▶ **To do**
Leaving out all pictures, retype the records exactly.
** Given data follows **
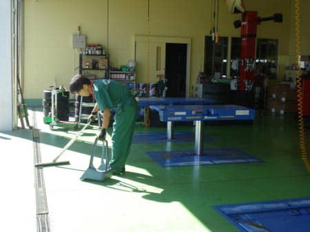 リーダーがリフトを上げて、リフトの下までお掃除中です。
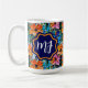 Monogrammed coffee mug. Pretty orange, pink and blue flowers done in an ai impasto oil painting style. A gorgeous floral design to elevate your room! This is pretty for a bedroom, living room, kitchen or really any space you want to add some fun bold colour to!
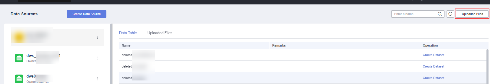 - To add data tables in the data source to DataArts Insight, see Creating a Dataset Through Visual Configuration.
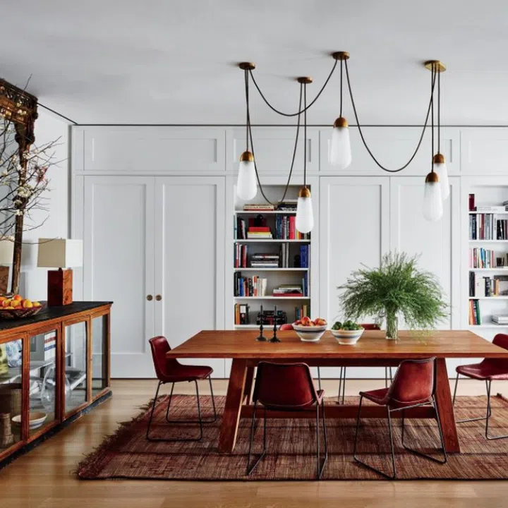 Vintage meets antique in Naomi Watts and Liev Schreiber’s Manhattan apartment. Lights by Apparatus Studio hang above a Ralph Lauren Home table and Sol y Luna chairs in the dining room.
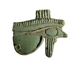Amuleto bidimensionale in faience raffigurante il cosiddetto Udjat, o "occhio di Horus", mediante incisione su una sola delle due facce: l'occhio, di cui è evidente il contorno allungato dal trucco e l'iride priva di pupilla, è sormontato dal sopracciglio campito a tratteggio, mentre al di sotto ha due elementi decorativi, uno verticale rigato e l'altro obliquo e terminante a ricciolo. Lo spazio tra occhio e sopracciglio, così come quello tra l'occhio e il ricciolo sottostante, solo pieni, mentre il resto del contorno dell'amuleto segue la forma dell'occhio. In cima è presente una presa forata per la sospensione. L'amuleto udjat, che garantiva buona salute, era forse il più popolare dell'antico Egitto, a causa del mito della disputa di Horus e Seth, in cui l'occhio che Horus perde durante il combattimento fu risanato dal dio Thot.
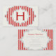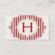 Monogram in a frame and red, white stripes eye catching business cards, featuring your monogram in an elegant and classy ivory frame with grey outline. There is another frame under it with a striped pattern in red, white. This stylish, girly design is modern with a retro/vintage flair. The Parisian font is used for your text. It is completely customizable and you can customize it and add your text, name or initials. You can change background color - red- choosing from the Zazzle color chart. This sophisticated personalized business card design is perfect for personal or professional use.
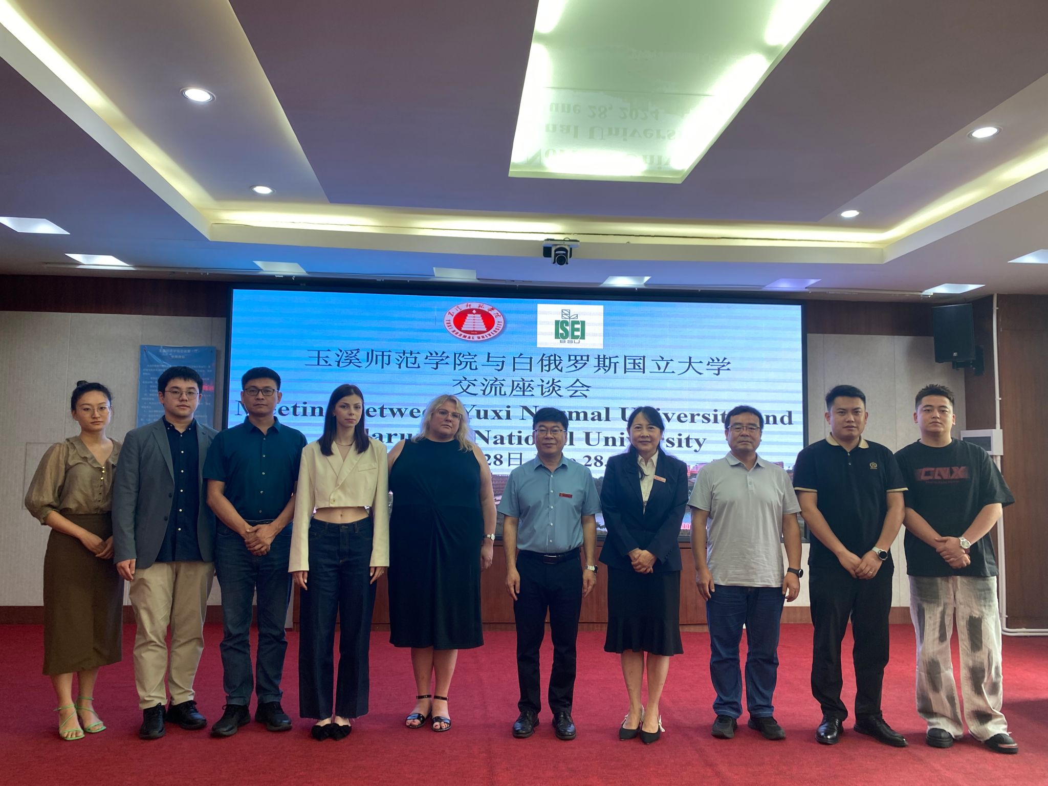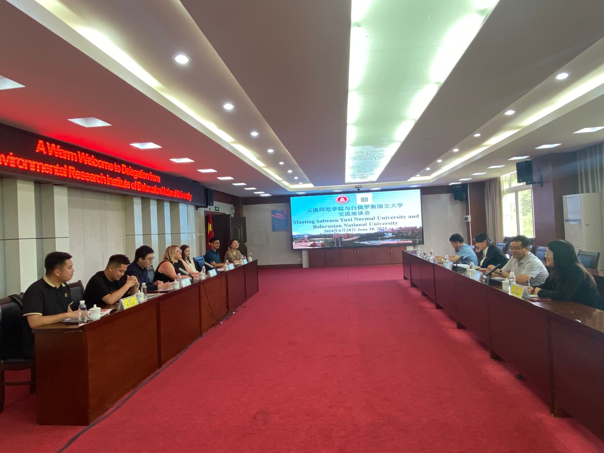 6月28日,白俄罗斯国立大学萨哈罗夫环境研究所法务处处长一行到访玉溪师范学院。双方在图书馆3003会议室举行交流座谈。对外合作交流处、化学生物与环境学院、教师教育学院相关单位负责人参加座谈。会议由对外交流合作处副处长吴晓颖主持。
** End of Given data **
▶ **Task solution**
 リーダーがリフトを上げて、リフトの下までお掃除中です。
 Monogrammed coffee mug. Pretty orange, pink and blue flowers done in an ai impasto oil painting style. A gorgeous floral design to elevate your room! This is pretty for a bedroom, living room, kitchen or really any space you want to add some fun bold colour to!
 - To add data tables in the data source to DataArts Insight, see Creating a Dataset Through Visual Configuration.
 Vintage meets antique in Naomi Watts and Liev Schreiber’s Manhattan apartment. Lights by Apparatus Studio hang above a Ralph Lauren Home table and Sol y Luna chairs in the dining room.
Amuleto bidimensionale in faience raffigurante il cosiddetto Udjat, o "occhio di Horus", mediante incisione su una sola delle due facce: l'occhio, di cui è evidente il contorno allungato dal trucco e l'iride priva di pupilla, è sormontato dal sopracciglio campito a tratteggio, mentre al di sotto ha due elementi decorativi, uno verticale rigato e l'altro obliquo e terminante a ricciolo. Lo spazio tra occhio e sopracciglio, così come quello tra l'occhio e il ricciolo sottostante, solo pieni, mentre il resto del contorno dell'amuleto segue la forma dell'occhio. In cima è presente una presa forata per la sospensione. L'amuleto udjat, che garantiva buona salute, era forse il più popolare dell'antico Egitto, a causa del mito della disputa di Horus e Seth, in cui l'occhio che Horus perde durante il combattimento fu risanato dal dio Thot.
 Monogram in a frame and red, white stripes eye catching business cards, featuring your monogram in an elegant and classy ivory frame with grey outline. There is another frame under it with a striped pattern in red, white. This stylish, girly design is modern with a retro/vintage flair. The Parisian font is used for your text. It is completely customizable and you can customize it and add your text, name or initials. You can change background color - red- choosing from the Zazzle color chart. This sophisticated personalized business card design is perfect for personal or professional use.
 6月28日,白俄罗斯国立大学萨哈罗夫环境研究所法务处处长一行到访玉溪师范学院。双方在图书馆3003会议室举行交流座谈。对外合作交流处、化学生物与环境学院、教师教育学院相关单位负责人参加座谈。会议由对外交流合作处副处长吴晓颖主持。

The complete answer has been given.